The line with "iii.Benjamin Hawes b." through the last line of the entries: give these again exactly, and only these, without any pictures.

== DATA TO PROCESS

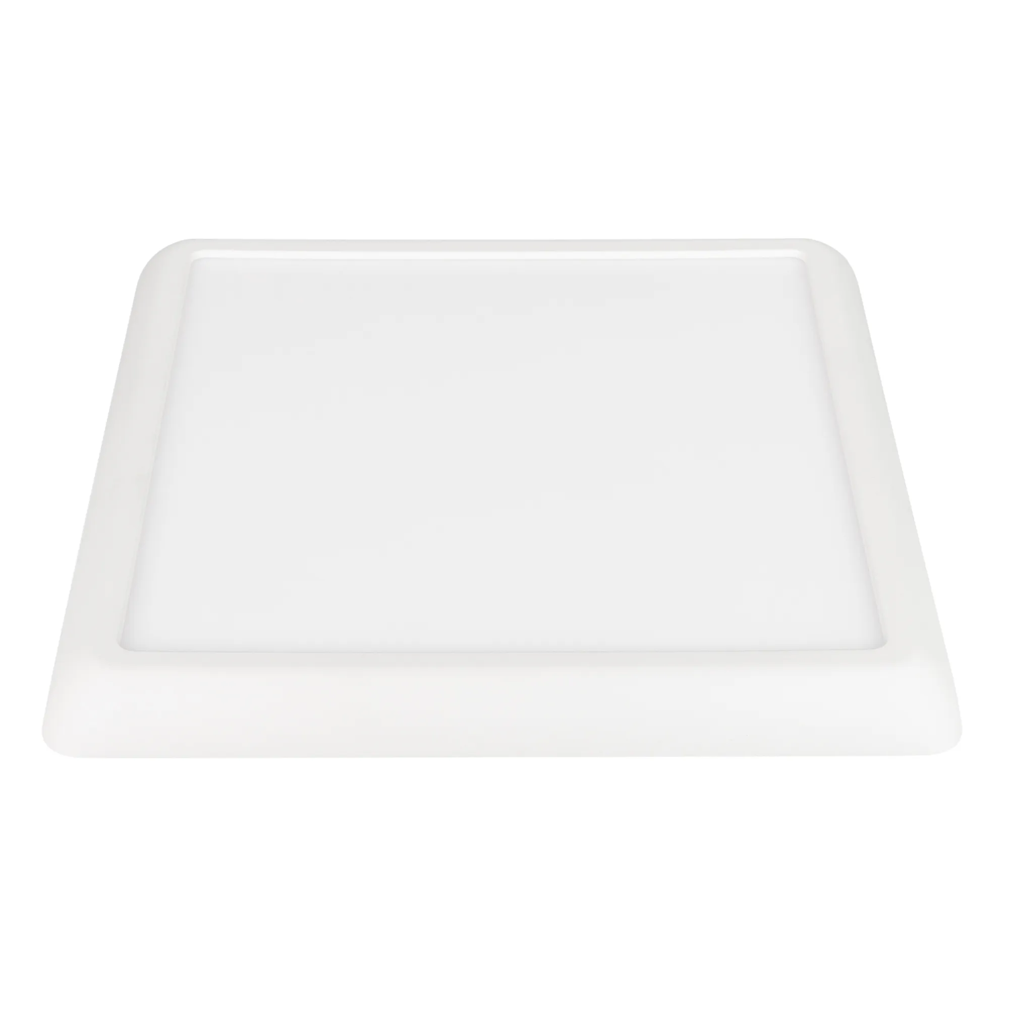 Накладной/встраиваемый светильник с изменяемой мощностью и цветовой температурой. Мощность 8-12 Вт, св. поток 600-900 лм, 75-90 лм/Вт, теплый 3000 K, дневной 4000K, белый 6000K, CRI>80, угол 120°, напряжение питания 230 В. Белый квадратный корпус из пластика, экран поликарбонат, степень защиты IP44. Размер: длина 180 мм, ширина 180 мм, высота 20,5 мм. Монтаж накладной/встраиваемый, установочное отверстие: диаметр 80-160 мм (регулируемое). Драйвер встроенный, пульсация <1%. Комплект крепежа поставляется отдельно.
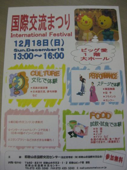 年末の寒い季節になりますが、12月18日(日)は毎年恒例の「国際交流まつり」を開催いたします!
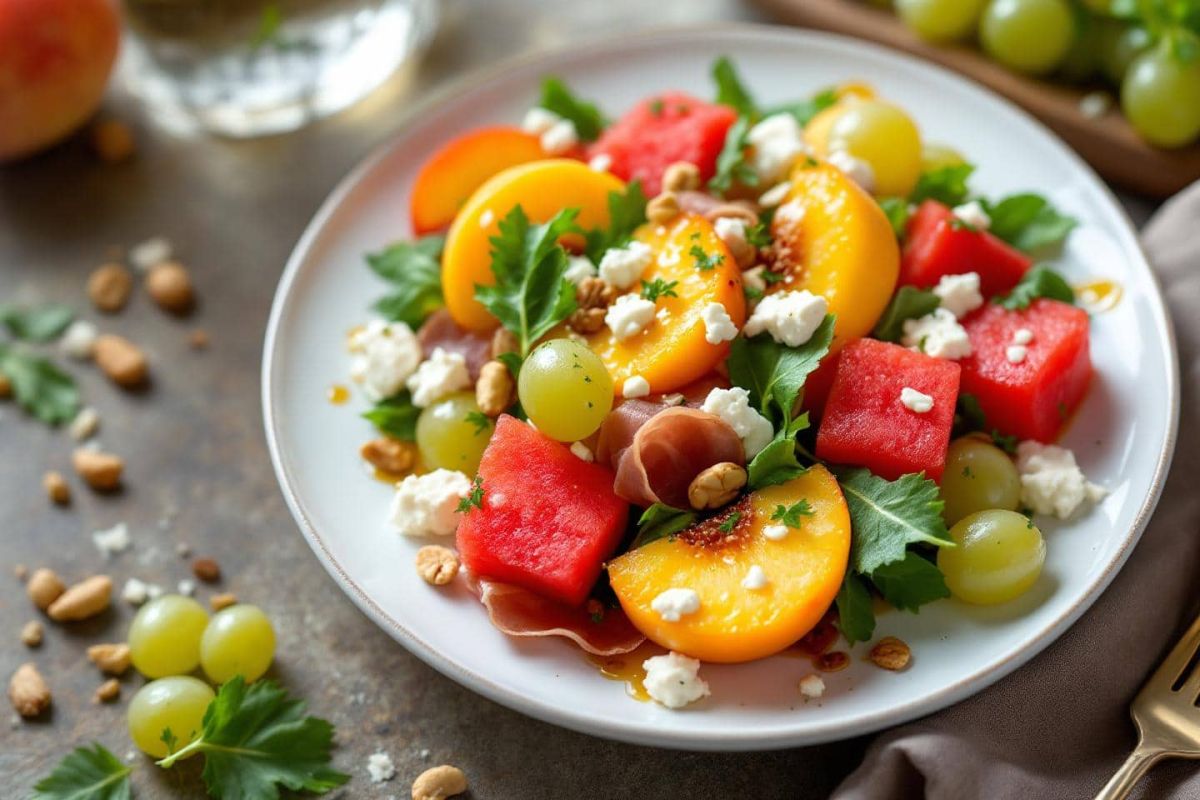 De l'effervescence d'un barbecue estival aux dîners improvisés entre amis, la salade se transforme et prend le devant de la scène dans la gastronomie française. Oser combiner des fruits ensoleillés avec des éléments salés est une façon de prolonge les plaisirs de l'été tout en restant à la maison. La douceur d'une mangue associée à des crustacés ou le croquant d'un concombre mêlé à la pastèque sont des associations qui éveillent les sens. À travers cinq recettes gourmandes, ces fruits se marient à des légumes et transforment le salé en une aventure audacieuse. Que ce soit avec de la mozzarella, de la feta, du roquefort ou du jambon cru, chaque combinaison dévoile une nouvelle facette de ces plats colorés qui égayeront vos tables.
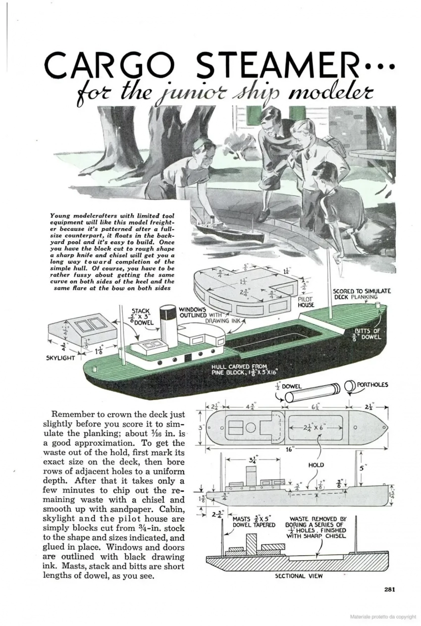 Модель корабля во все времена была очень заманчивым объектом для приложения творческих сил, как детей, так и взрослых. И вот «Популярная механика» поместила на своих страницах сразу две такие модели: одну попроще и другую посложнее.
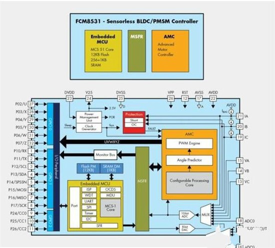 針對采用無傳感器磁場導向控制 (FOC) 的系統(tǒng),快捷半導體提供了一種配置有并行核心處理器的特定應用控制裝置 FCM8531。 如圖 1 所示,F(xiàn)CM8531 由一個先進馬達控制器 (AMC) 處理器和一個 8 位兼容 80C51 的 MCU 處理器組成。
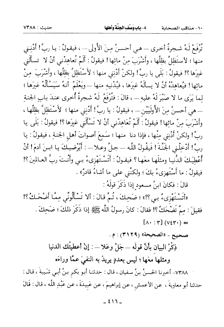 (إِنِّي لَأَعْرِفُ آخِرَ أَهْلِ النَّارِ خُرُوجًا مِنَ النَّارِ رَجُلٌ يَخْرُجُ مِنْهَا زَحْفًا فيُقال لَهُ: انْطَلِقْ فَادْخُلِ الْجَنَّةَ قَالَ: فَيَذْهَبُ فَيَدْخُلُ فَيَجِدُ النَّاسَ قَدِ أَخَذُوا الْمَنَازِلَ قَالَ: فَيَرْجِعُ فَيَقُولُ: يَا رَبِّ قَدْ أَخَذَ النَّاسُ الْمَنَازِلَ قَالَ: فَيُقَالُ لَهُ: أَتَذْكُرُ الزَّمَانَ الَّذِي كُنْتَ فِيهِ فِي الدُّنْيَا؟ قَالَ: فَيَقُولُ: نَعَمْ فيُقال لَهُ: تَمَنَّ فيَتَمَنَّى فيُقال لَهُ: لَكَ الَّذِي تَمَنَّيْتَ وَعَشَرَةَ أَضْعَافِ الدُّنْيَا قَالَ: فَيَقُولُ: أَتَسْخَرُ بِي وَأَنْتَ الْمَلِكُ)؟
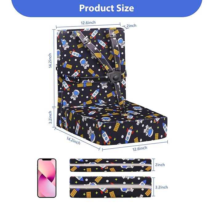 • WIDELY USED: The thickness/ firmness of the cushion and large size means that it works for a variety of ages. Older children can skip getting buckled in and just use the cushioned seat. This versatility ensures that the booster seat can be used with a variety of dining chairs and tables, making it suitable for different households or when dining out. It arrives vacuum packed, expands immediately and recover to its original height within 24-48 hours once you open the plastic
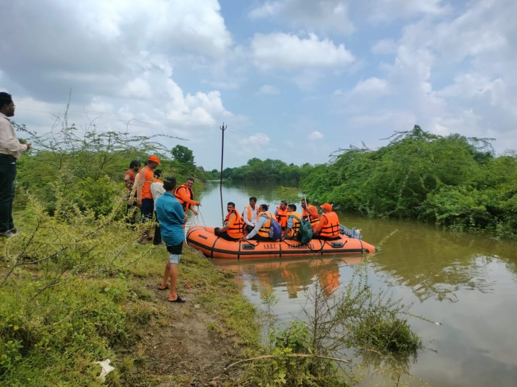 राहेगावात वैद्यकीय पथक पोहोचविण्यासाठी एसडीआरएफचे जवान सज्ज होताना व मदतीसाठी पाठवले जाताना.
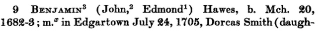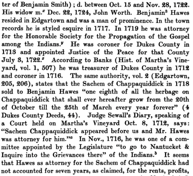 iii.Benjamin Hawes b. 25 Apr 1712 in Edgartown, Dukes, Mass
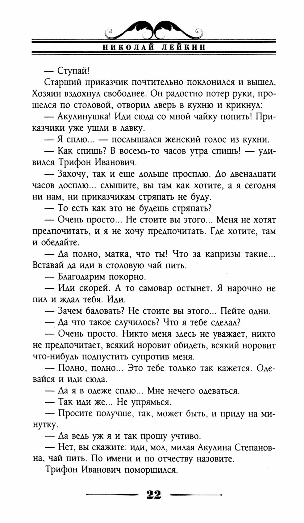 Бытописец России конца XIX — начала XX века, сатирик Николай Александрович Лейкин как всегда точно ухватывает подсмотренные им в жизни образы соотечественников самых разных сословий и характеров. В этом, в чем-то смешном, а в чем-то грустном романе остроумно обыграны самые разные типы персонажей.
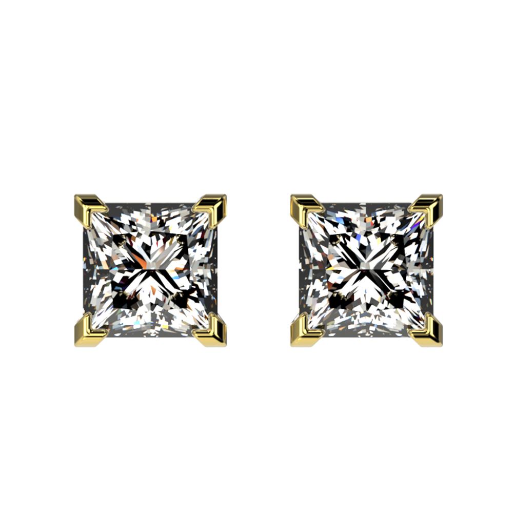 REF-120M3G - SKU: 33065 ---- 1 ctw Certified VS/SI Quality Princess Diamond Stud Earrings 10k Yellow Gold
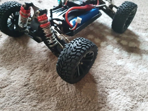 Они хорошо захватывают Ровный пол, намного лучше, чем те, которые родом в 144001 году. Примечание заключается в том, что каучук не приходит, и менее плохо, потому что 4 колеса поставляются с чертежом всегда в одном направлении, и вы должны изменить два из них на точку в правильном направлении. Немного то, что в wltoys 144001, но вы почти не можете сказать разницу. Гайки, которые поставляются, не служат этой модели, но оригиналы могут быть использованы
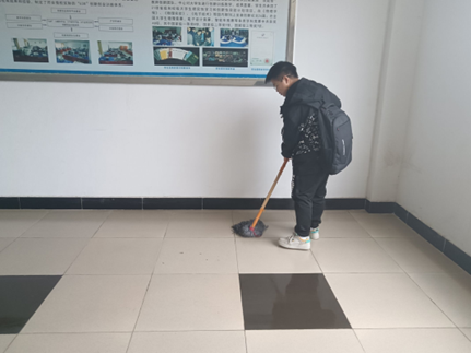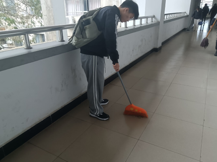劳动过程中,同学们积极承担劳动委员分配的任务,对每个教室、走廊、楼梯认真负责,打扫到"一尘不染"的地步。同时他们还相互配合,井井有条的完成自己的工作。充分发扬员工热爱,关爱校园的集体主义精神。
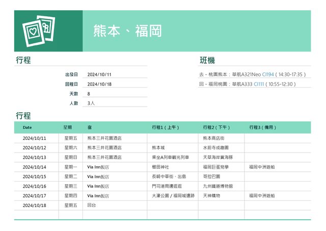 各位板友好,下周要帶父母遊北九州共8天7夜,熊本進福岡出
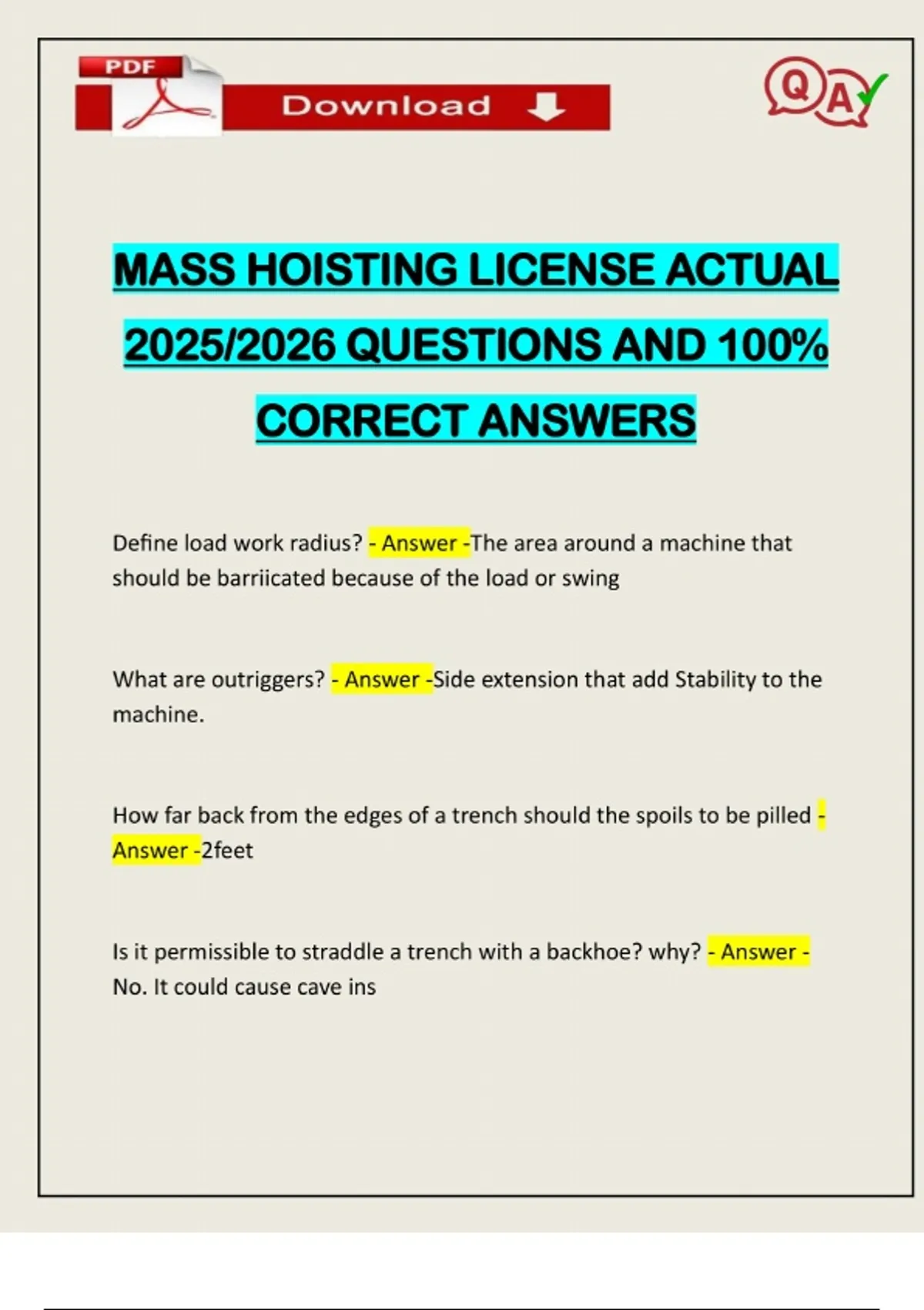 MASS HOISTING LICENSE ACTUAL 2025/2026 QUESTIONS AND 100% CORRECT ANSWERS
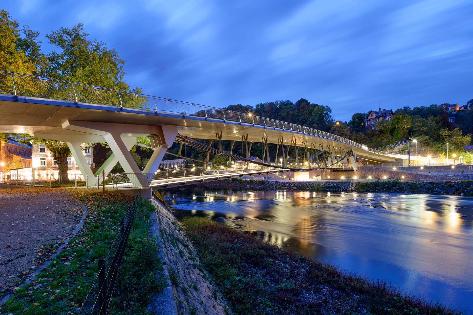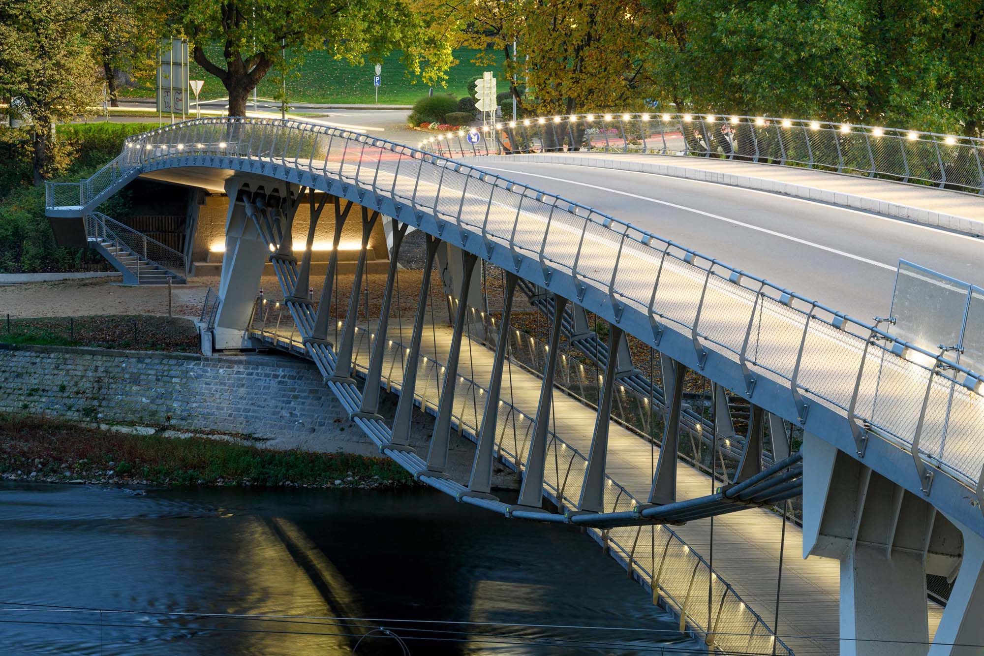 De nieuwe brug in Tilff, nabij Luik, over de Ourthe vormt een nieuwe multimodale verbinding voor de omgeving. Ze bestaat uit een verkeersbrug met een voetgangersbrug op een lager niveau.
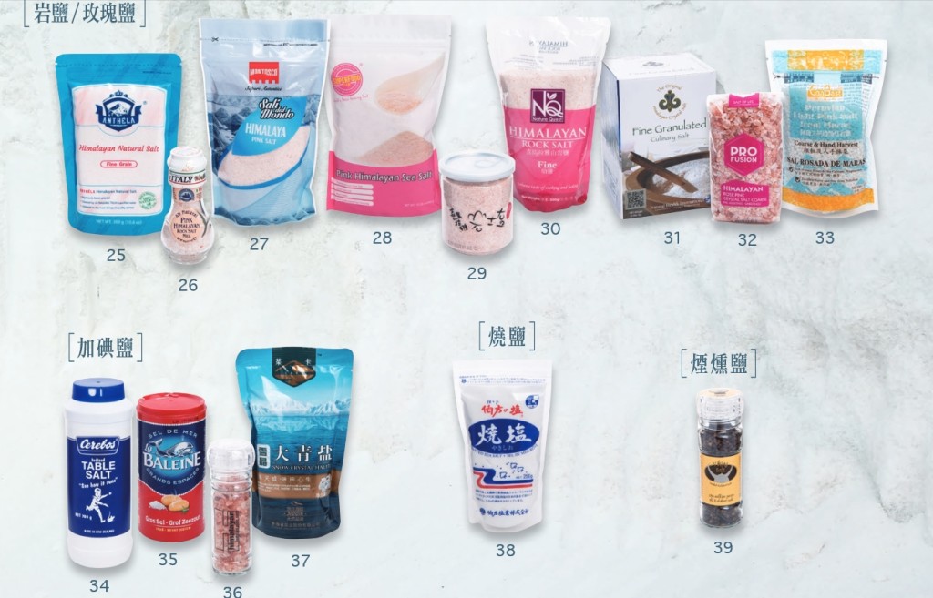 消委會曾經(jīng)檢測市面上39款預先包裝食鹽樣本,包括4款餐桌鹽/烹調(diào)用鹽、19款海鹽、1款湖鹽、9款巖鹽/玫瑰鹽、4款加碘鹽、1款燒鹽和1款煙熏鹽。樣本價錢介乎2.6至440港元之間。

====

EXERCISE RESULT:
 iii.Benjamin Hawes b. 25 Apr 1712 in Edgartown, Dukes, Mass
 Бытописец России конца XIX — начала XX века, сатирик Николай Александрович Лейкин как всегда точно ухватывает подсмотренные им в жизни образы соотечественников самых разных сословий и характеров. В этом, в чем-то смешном, а в чем-то грустном романе остроумно обыграны самые разные типы персонажей.
 REF-120M3G - SKU: 33065 ---- 1 ctw Certified VS/SI Quality Princess Diamond Stud Earrings 10k Yellow Gold
 Они хорошо захватывают Ровный пол, намного лучше, чем те, которые родом в 144001 году. Примечание заключается в том, что каучук не приходит, и менее плохо, потому что 4 колеса поставляются с чертежом всегда в одном направлении, и вы должны изменить два из них на точку в правильном направлении. Немного то, что в wltoys 144001, но вы почти не можете сказать разницу. Гайки, которые поставляются, не служат этой модели, но оригиналы могут быть использованы
劳动过程中,同学们积极承担劳动委员分配的任务,对每个教室、走廊、楼梯认真负责,打扫到"一尘不染"的地步。同时他们还相互配合,井井有条的完成自己的工作。充分发扬员工热爱,关爱校园的集体主义精神。
 各位板友好,下周要帶父母遊北九州共8天7夜,熊本進福岡出
 MASS HOISTING LICENSE ACTUAL 2025/2026 QUESTIONS AND 100% CORRECT ANSWERS
 De nieuwe brug in Tilff, nabij Luik, over de Ourthe vormt een nieuwe multimodale verbinding voor de omgeving. Ze bestaat uit een verkeersbrug met een voetgangersbrug op een lager niveau.
 消委會曾經(jīng)檢測市面上39款預先包裝食鹽樣本,包括4款餐桌鹽/烹調(diào)用鹽、19款海鹽、1款湖鹽、9款巖鹽/玫瑰鹽、4款加碘鹽、1款燒鹽和1款煙熏鹽。樣本價錢介乎2.6至440港元之間。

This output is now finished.